- Developer: Exadel
- Release: 2012
- Website: https://appery.io/

= Appery.io =

App-building platform

Appery.io is a cloud-based HTML5, Ionic, jQuery Mobile, and hybrid app-building platform for developing mobile apps, web apps, and PWAs. Appery.io is a browser-based drag-and-drop visual builder tool that supports Android and iOS with integrated Apache Cordova/PhoneGap output. The platform is used by DIYers to create apps for their customers.

==History==
Appery.io is a product of Exadel and was launched in 2012 under the name Tiggzi.

In 2013, at the TechCrunch Disrupt event in New York City, the platform formally relaunched as Appery.io. After the relaunch, Appery.io continued focusing on enterprise and business apps and began to support Salesforce and other similar enterprise systems.
In 2013, Appery.io partnered with Heroku (a Salesforce.com subsidiary) to allow developers to use Heroku’s approach to provision their apps directly in the cloud. The integrated Appery.io features were meant to ease rapid development within Salesforce's back end and allowed customers with less extensive technical backgrounds to build mobile apps.

In 2014, Appery.io upgraded the platform and introduced new features: a new visual builder UI, an event-oriented mapping editor, and updates to the REST service editor.

Over the course of 2015:
- Appery.io introduced an Automatic App Update feature for publishing apps in app stores. Appery.io also updated its API Express, removing steps necessary to integrate enterprise systems, and increased application security with LDAP.
- Appery.io partnered with MetaCert, adding new security features to apps built with the platform; the integration of MetaCert security API via a plug-in checks the security of web links in real-time.
- Appery.io acquired Verivo software and integrated Verivo’s enterprise connectivity and security capabilities.
- Appery.io integrated Ionic into the platform, which lets developers build HTML5/hybrid apps on a single code base with native UX across all platforms.
- New features were added to the platform to simplify the way users log in to and test mobile applications on devices: Lightweight Directory Access Protocol (LDAP), social network identity support, and on-device app sharing without app stores.

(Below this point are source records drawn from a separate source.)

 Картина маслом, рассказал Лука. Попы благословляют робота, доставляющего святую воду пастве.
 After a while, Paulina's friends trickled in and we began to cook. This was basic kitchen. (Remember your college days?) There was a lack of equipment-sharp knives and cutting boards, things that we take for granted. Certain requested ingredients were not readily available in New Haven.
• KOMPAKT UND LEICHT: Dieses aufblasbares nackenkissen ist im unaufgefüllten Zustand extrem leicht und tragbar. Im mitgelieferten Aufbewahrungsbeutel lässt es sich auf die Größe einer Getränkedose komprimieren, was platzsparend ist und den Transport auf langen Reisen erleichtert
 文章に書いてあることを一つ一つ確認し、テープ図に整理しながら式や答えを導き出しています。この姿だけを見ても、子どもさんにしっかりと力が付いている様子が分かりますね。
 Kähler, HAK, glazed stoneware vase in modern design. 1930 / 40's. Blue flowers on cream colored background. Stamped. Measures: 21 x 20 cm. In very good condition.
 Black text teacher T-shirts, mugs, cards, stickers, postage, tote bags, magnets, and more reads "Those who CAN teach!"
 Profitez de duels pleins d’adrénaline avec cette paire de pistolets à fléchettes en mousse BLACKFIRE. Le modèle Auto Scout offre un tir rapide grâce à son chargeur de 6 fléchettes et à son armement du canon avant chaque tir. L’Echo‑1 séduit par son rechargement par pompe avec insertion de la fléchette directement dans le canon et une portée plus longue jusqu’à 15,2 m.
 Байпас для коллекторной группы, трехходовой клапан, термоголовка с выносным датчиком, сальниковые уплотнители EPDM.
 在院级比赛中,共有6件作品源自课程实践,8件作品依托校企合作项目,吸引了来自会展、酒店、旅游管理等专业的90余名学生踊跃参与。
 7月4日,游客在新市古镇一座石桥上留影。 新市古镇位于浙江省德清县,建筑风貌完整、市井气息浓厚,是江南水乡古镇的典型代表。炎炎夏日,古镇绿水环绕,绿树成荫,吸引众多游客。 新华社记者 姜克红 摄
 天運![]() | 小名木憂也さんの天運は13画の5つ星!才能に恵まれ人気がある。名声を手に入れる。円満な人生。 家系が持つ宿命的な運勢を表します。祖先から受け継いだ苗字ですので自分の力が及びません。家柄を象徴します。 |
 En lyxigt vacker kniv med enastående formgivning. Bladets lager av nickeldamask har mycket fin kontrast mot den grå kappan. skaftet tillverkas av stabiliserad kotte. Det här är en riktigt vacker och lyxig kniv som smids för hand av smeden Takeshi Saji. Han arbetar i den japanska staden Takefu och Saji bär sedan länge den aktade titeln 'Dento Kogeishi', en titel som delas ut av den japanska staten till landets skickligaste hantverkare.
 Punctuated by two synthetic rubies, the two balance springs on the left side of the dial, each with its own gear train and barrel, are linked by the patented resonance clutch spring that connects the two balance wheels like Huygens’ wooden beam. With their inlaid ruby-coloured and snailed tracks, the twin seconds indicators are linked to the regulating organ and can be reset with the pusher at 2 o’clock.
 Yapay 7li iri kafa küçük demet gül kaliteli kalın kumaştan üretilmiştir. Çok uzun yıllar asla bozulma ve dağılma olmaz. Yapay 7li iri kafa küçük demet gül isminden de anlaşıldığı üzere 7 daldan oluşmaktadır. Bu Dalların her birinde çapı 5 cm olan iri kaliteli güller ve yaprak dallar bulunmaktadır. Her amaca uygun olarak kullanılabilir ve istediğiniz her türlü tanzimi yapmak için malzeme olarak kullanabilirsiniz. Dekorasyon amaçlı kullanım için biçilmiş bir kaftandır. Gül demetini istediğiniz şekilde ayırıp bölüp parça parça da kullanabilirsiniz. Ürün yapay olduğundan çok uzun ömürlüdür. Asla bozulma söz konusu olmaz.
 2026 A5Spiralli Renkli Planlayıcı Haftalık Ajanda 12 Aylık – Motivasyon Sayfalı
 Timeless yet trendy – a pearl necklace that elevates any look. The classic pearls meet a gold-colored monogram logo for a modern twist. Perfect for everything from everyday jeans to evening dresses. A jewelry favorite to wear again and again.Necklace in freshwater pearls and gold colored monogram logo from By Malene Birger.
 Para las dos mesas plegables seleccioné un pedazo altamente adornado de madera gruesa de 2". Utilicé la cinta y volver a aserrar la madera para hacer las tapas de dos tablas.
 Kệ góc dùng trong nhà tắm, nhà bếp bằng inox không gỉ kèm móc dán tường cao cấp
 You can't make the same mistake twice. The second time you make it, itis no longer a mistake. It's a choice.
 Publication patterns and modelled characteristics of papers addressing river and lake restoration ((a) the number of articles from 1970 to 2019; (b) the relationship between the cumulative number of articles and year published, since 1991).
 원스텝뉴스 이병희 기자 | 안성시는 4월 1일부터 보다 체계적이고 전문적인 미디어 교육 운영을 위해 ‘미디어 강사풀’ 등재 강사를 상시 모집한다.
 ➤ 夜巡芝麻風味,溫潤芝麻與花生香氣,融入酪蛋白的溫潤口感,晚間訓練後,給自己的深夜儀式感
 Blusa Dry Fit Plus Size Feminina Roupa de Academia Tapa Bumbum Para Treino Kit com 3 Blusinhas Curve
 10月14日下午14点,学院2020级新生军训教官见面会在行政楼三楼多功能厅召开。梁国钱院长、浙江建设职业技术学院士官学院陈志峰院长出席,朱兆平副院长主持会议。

In 2021, Appery.io added Ionic 5 support to the platform, which supports JavaScript frameworks (Angular, React, and Vue.js). The platform started to support the development of Progressive Web Applications (PWA).

In 2021, Appery.io won the 2021 Devies Award in the "Best Innovation in Mobile Development" category. The award is given annually as a part of the DeveloperWeek trade show.

==Platform==
The platform comprises an app builder, back-end services, API Express, and plug-ins. The app builder provides cross-platform development with a common API running across iOS and Android. UX is built with Ionic, jQuery Mobile and HTML5 components by using drag-and-drop functionality. The Appery.io back-end services provide hosting, a MongoDB NoSQL database, push notifications, JavaScript server code, and a secure proxy. API Express helps sync Appery.io apps with back-end systems. The plug-ins connect the app to prepackaged REST API services, pages, and data binding.